By Christopher Williams
Whether a student's teacher is male or female
may actually be related to that students perception of
grading in the class, says Niwako Yamawaki, Ph.D.
Yamawaki, an assistant professor in the
department of Psychology, presented research she had conducted
on "The Effects of Ambivalent Sexism on College Students'
Teacher Evaluations" during the Women's Studies Colloquium
held February 28, 2008 on BYU campus.
Yamawaki proposed that student evaluations
are more personality contests than they are valid measure
of teaching effectiveness.
"Faculty who have lenient grading policies
tends to receive positive student evaluation, and its
nothing to do with the rigorousness of the course."
Yamawaki said.
Yamawaki said student's evaluations of their
college professors have been used as indices of students'
learning for years, and that student' evaluations of instructors
are increasingly widely used and exceedingly consequential
in the performance of these teachers.
Yamawaki defined the Millennial Generation
of youth, who are in college and late high school now,
as: very connected to parents, the desire of a degree
without the education, self-absorbed, and lacking in patience.
This generation is also known as the Entitlement Generation.
Yamawaki said the question is then, how
do students evaluate their instructor's leniency even
before they receive any indications of their grade.
Yamawaki said several vital aspects of successfully
predicting students' perceptions include whether the professor
"cares," (caring is one of the highest descriptions
of the "best" professor) and whether the teacher
exhibits a masculine or feminine teaching style.
"Students may anticipate that the instructor
with masculine style would be resistant to their request
of being lenient in grading," Yamawaki said, "whereas
a female style would be expected to be more lenient."
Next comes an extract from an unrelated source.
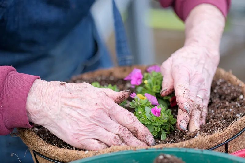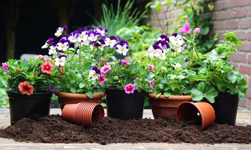 For your patio pots and hanging baskets to do well, you’ll want to do some detective work. Take a look at where they’ll be placed and think about the amount of sunlight they’ll get and whether or not they’ll be in the wind. Then, choose flowers that are suitable for those conditions. You’ll know from their tags what they can tolerate.

According to her results, participants in
her research rated significantly higher for instructors
with the feminine teaching style than for instructors
with the masculine teaching style on likeability, teaching
style, and expected grade, while the feminine teaching
style rated significantly lower on expected workload and
attendance.
Yamawaki also shared that there is a difference
in perception of workload between male and female students,
with females typically expecting to have to work harder
and males expecting more of a free ride.